On Tue, May 18, 2004 at 10:24:11AM +0200, Alois Treindl wrote:
> Alois Treindl wrote:
> I had described my LVS NAT - firewall setup with iptables, see below.
>
> I think I solved the problem myself, in a long night.
>
> To get it to work, I had to add two iptables rules:
> ${IT} -t nat -A POSTROUTING -o eth1 -p tcp -s $W1 --sport 22 -d \
> $MY_NETWORK -j MASQUERADE
This rule is probably not required. A MASQURADE rule should only
be required for the real-servers to establish connections to
the outside world. In the case of the above you limit this
to connections with a source port of 22, which is unlikely to occur
in practice, so I don't think this rule is actually touching any
packets.
You can see how many packets and bytes a rule is effecting by running
iptables -t nat -L -v -n
iptables -L -v -n
And so on
> ${IT} -A FORWARD -o eth1 -j ACCEPT
This rule is required as in 2.4 return packets for LVS-NAT traverse
the FORWARD chain. That is, packets from port 22 on the real-server
to the end-user go through the FORWARD chain, so you need to let them
through. After any iptables FORWARD rules are processed, and assuming
the packet makes it through, LVS-NAT will then rewrite the packet
so that it has the VIP:Virtual_Port as the source IP address and port.

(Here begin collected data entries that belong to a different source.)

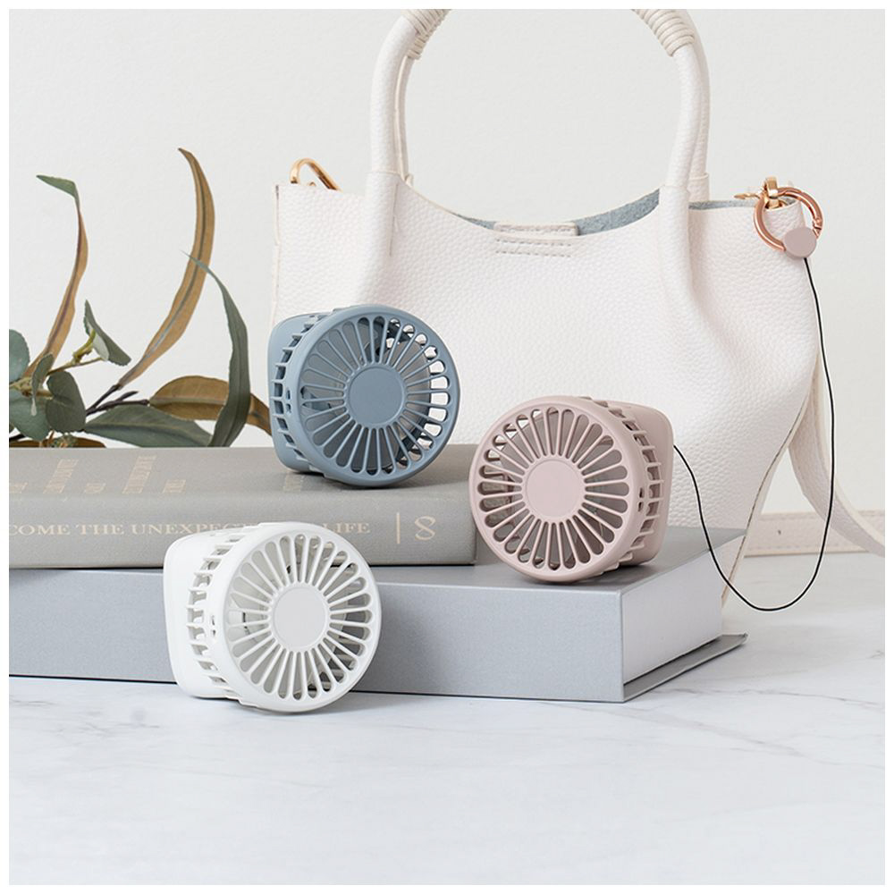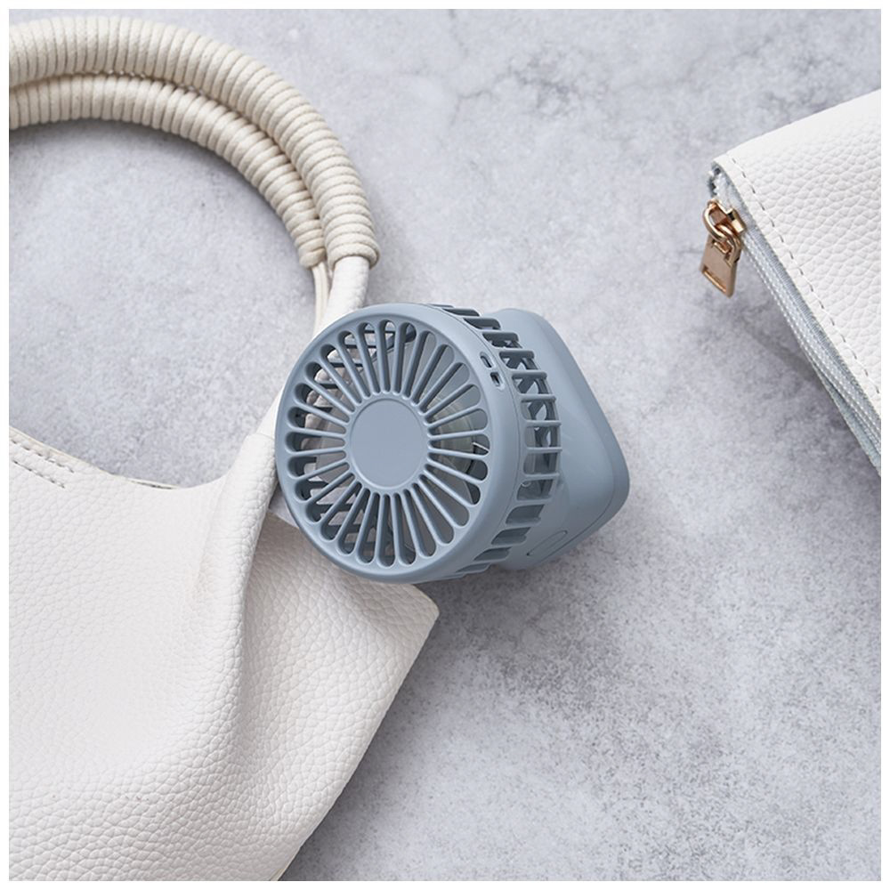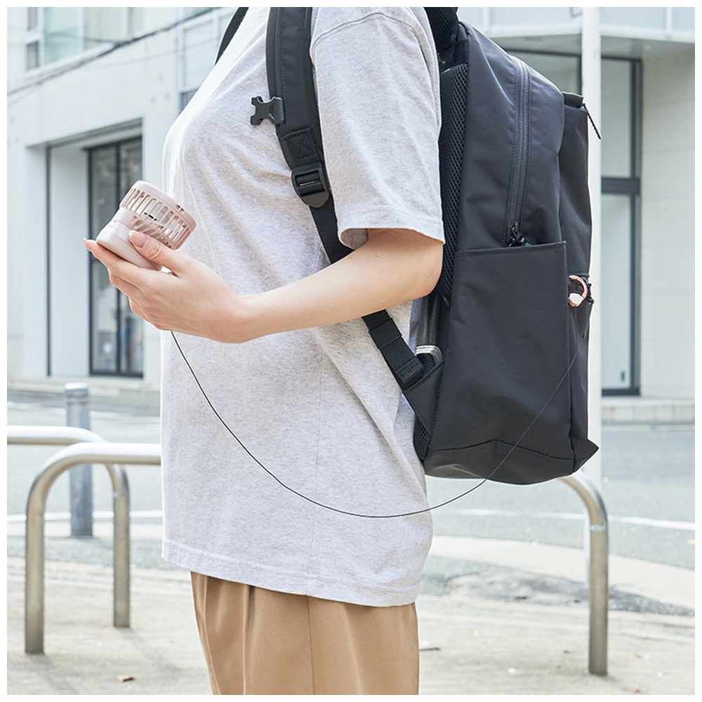 付属のカラビナでバッグに付ければ、サッと伸ばして使えて、バッグの中を探し出す手間も不要。ファンの持ち忘れも防止できて便利です
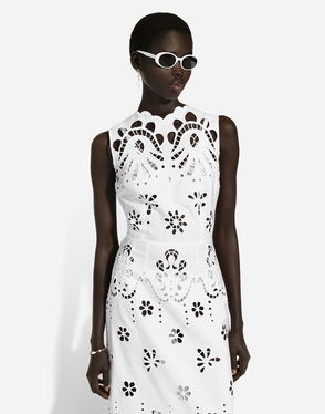 Floaty Short Cotton Dress With Floral Openwork Embroidery
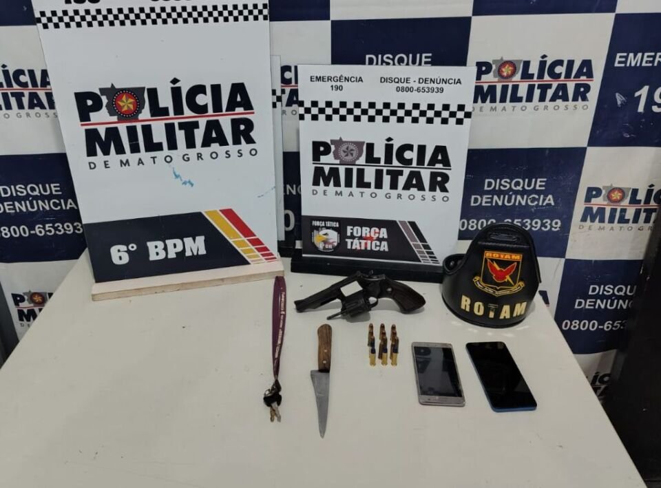 Equipes de policiais militares do 6º Batalhão apreenderam em flagrante dois adolescentes e prenderam um homem, na noite deste domingo (12.4), em Cáceres (a 220 km de Cuiabá). Eles são membros de uma facção criminosa e estão envolvidos em homicídios no município. Os militares da Rotam e da Força Tática recolheram uma arma de fogo, 16 munições, uma faca e uma motocicleta.
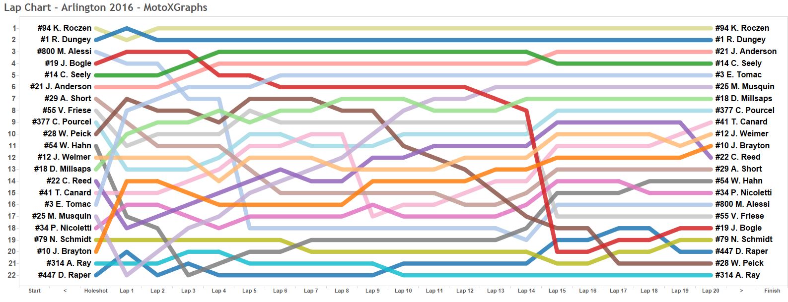 With all of the excitement going on at 1-2, the rest of the race was overshadowed. Some notable results did happen outside of the two stars, though. I would say Jason Anderson had his most consistent night. He qualified with the 8th best lap (not great), then won his heat race. He got a reasonably good holeshot, in 6th, then eventually caught Cole Seely in lap 15, securing a 3rd place finish. I was curious if Anderson, in his late-charging fashion, was closing the gap with Roczen/Dungey of the last half or last third of the race, but that wasn't really the case. In laps 15 and 16, Anderson was faster than the average of Roczen and Dungey, but in all the other laps Anderson was slower.
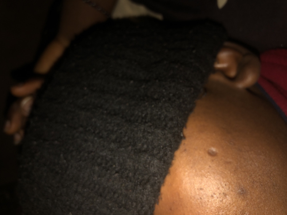 A close-up shot presents an individual's head, predominantly showcasing a tightly fitted, black knit cap or covering their hair. Part of an ear is visible, along with a patch of skin with a small mole. The person's fingers are also visible. The image is somewhat dimly lit, lending a casual, almost candid feel to the composition.

I have tried to illustrate this in the following diagram:
http://www.vergenet.net/~horms/tmp/nf-lvs.png
http://www.vergenet.net/~horms/tmp/nf-lvs.dia
To summarise. The path for incoming packets is:
PREROUTING -> LOCAL_IN -> POSTROUTING
And for outgoing packets, which means LVS-NAT:
PREROUTING -> FORWARD -> POSTROUTING
And for incoming ICMP
PREROUTING -> FORWARD -> POSTROUTING
Well, that is my understanding anyway.